I have been in the Cotswolds for nearly two weeks, helping a friend who is recovering from surgery. The scenery is green and spectacular. I borrow some local dogs to keep me company on my morning walk. The weather is a crapshoot. Some bright and brilliant days and others grim and gloomy. Yesterday, we are caught in a fierce downpour with wild wind as I help my friend, who relies on crutches, navigate a busy street. Today the sky is brilliant blue and we visit a lavender farm and an lovely, albeit “new agey,” eccentric organic garden, cafe and gallery with proceeds dedicated to the nation of Nepal and under the aegis of a jocular Frenchman. Two European women interrogate the gift shop manager about cleansing rituals and Nepalese singing bowls. The groovy karma is compromised a bit as the aroma from the neighboring pig farm wafts in the breeze.
While the countryside is picturesque, after being marooned in Charlbury I realize I am not cut out for small town life. I prefer the brisk anonymity and commercial options of a big city. The only, and very crummy, market in town closes at 9. Although if you've got a yen for a“bun burger” that's been under a heat lamp for a couple days, I can make a referral. The three pubs all have one star ratings on Trip Advisor. The coffee house is closed indefinitely. People seem to loiter in the street ceaselessly talking to their neighbors. Clerks and customers chat away and either no one in the queue has anything better to do or it's just that dogged British politeness. At home, on the rare occasion when you do bump into someone you know there is no expectation of protracted conversation. I am, I suppose, too citified to endure the obligatory cheerful friendliness that a small town requires. The smallness induces, in fact, profound loneliness and hopelessness. I long to return to the brusk unfriendly bustle of the city where people talk to me because they want to and not out of small town convention or propriety.
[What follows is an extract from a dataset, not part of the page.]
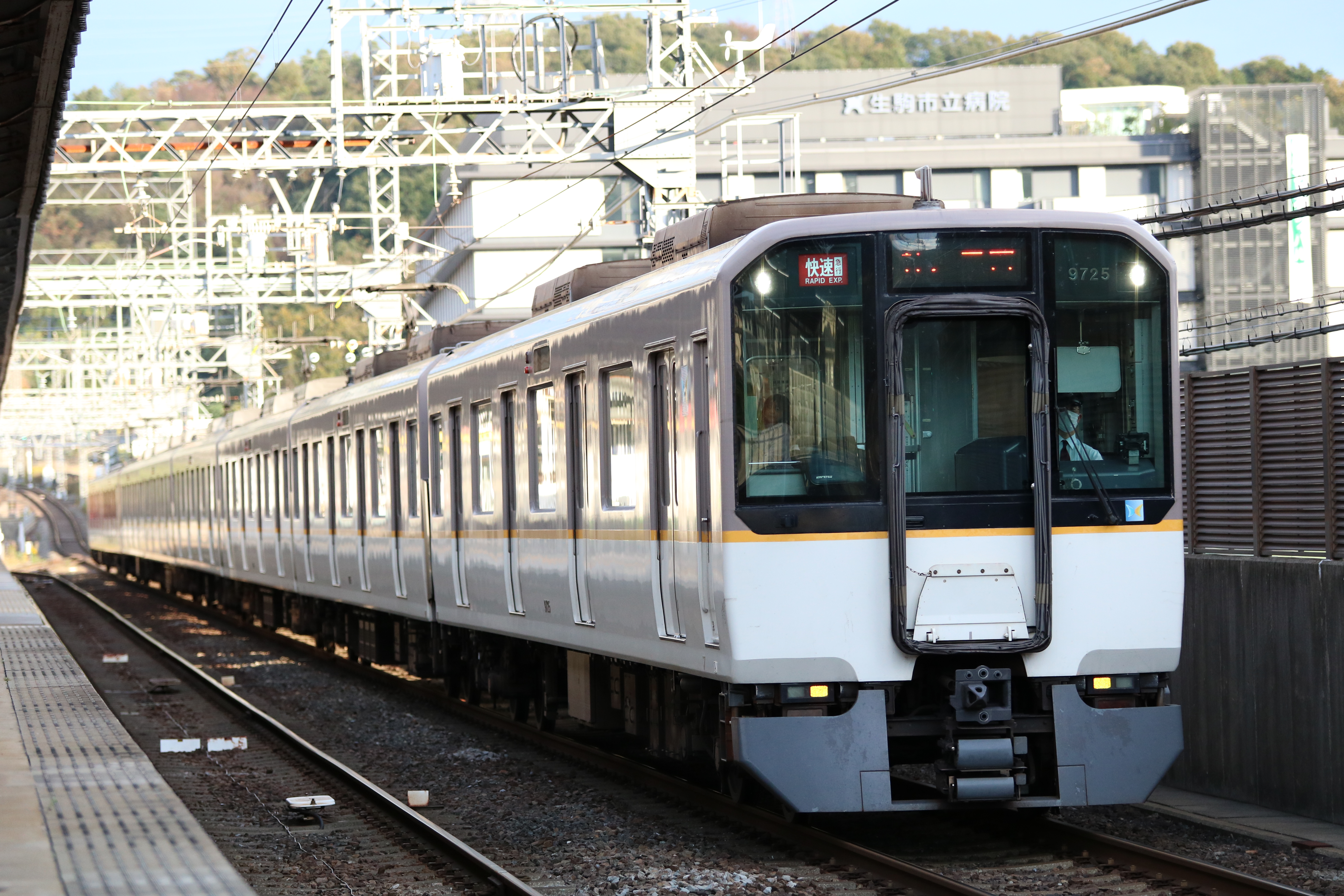 9820系(9725F) 快速急行神戸三宮行き 続いて、上り側をEH25編成を含む快急8両が同駅を通過。 こちらは、引き気味の画角(81mm)にて狙っています。 東生駒はそれ程望遠気味にしなくても通過列車を十分狙いますね。 |

There are many footpaths along rivers and rolling green hills surrounding the city but I find that even being here for just two weeks I am unable to walk through town without meeting some acquaintance. These are decent friendly people but I'm awkward now and rusty at chitchat. I wander one morning into the Charlbury Cemetery. It is very quiet indeed although probably not a great idea given my own morass. The inscriptions have worn away and moss and lichens cover rows of ancient tombstones. There is not a lot of history of the town available on-line and the museum is hardly ever open but I presume that some of the graves are from the 17th century, or perhaps earlier.
Newer sections of stones date from the World War One and up to a freshly dug grave that is yet to bear a headstone. Many of the graves are elaborately decorated. Some have carefully cultivated, perfectly groomed flowers. Others are graced with sentimental objects. Figurines. Garden gnomes. Football memorabilia, Stuffed animals. Plaques with platitudes and inspirational messages. A photo of a little terrier in a sweater. A number of the more recent places of repose are overgrown with weeds or bear withered bouquets. However, there are graves of those who died before my own birth that remain manicured and fastidiously attended to.
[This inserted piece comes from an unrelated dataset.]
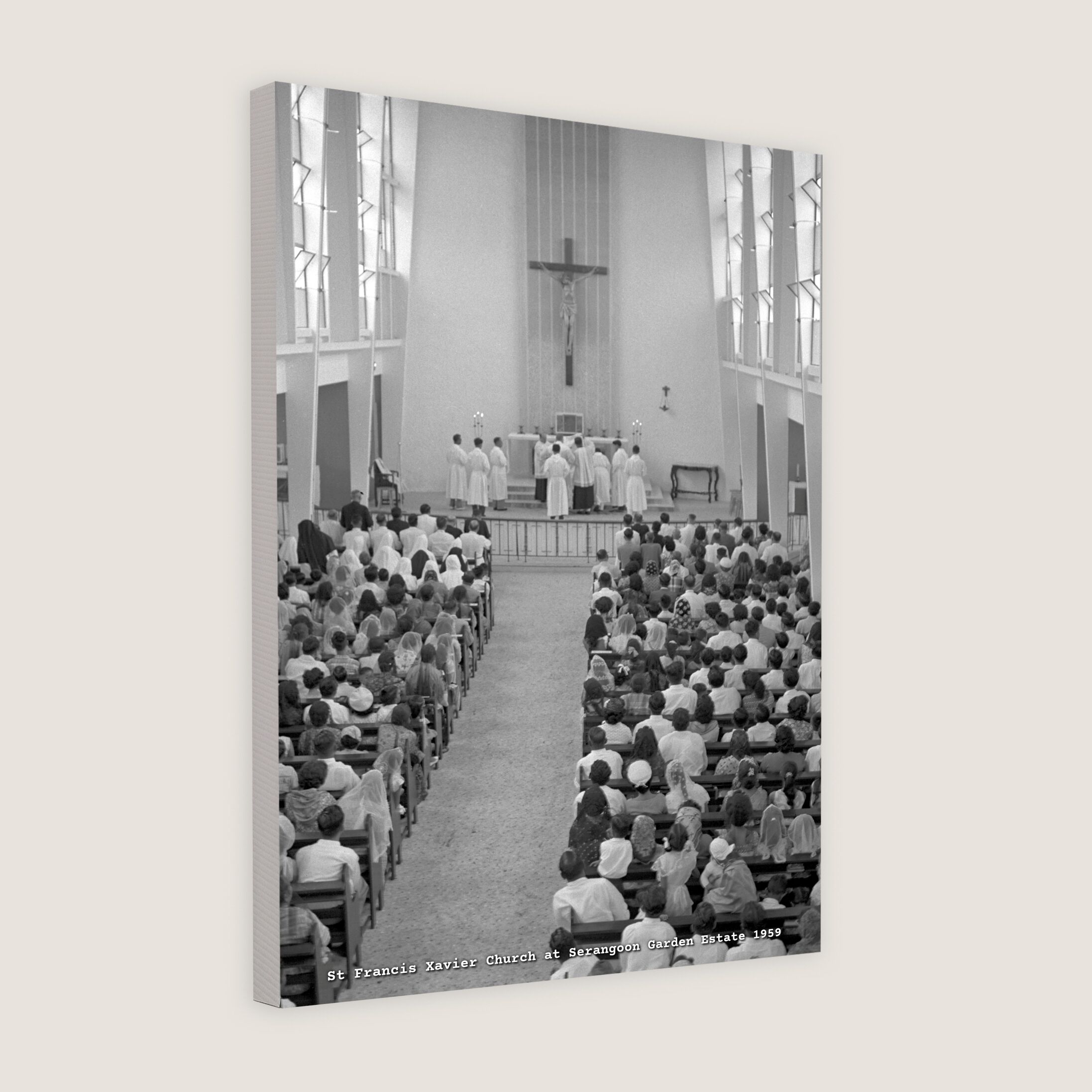 Congregation at the first service held at the new St Francis Xavier church at Serangoon Garden Estate, 11 January, 1959.

Many couples are buried side-by-side with tombstones that note “reunited” or “together again.” “Went to sleep” frequently replaces “date of death.” I imagine there is comfort in tending these graves and believing that death is mere sleep and that happy couples beam down from on high. The sky is threatening, as it often is. I stand in the middle of Charlbury's dead citizenry, sorrowful and jealous. I hate the certainty with which I know that there is no heaven. My ashes will likely be tossed somewhere that my children will think is meaningful to me despite the meaninglessness of ashes. When the sun shines, the widows and widowers and orphans of Charlbury come sit over the bones of departed loved ones and plant new flowers. They believe in souls and an idyllic hereafter. I believe that there is nothing. Nothing but those who will choose to remember me.
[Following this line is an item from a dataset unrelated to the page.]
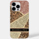 Personalisierte Imitate Rose Gold, Rosa Rosa Glitzer. Gemischte Stücke mit Leopardenleopardenhaut und vergoldeten Glitzer- und Kupfertrimmbalken. Diagonal gestreifte Linien und Patches Muster gestalten Farbblock. Luxus und einzigartige Geometrie. Passen Sie Ihren Namen an, oder Monogramm, Initial, oder Text für ein schicke, gürtnisch stilvolles Design. Moderner und trendiger geometrischer Stil.
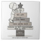 Little Boy se para en un tablero con un martillo en la mano mientras ajusta una estrella en la parte superior del árbol de Navidad de madera que ha construido. La leyenda de cada tablón dice: "¡Sé el regalo que te han dado y crea en lo increíble que es TÚ!" El baúl de abajo dice, "¡Feliz Navidad!" ©Little Boy, Big Dreams, LLC y David A. Carrizales y obras de © Christie Black of Creations from the Heart.

Myself, in a sea of the Charlbury dead. No one will tend a grave for me. I will not go to sleep or be reunited with Himself in heaven to watch and protect from a little cloud those loved ones who still walk the earth. It is this life and this body and that is all there is. There is so little fucking time and despite having tried, I do not believe that my soul is eternal. Life's brevity is right up in my face as I stand above this rotting flesh and bone. Knowing this I still can't help myself from wishing days pass quickly. I long so to be with the ones who make this one, and only, and infinitesimally short life count and matter.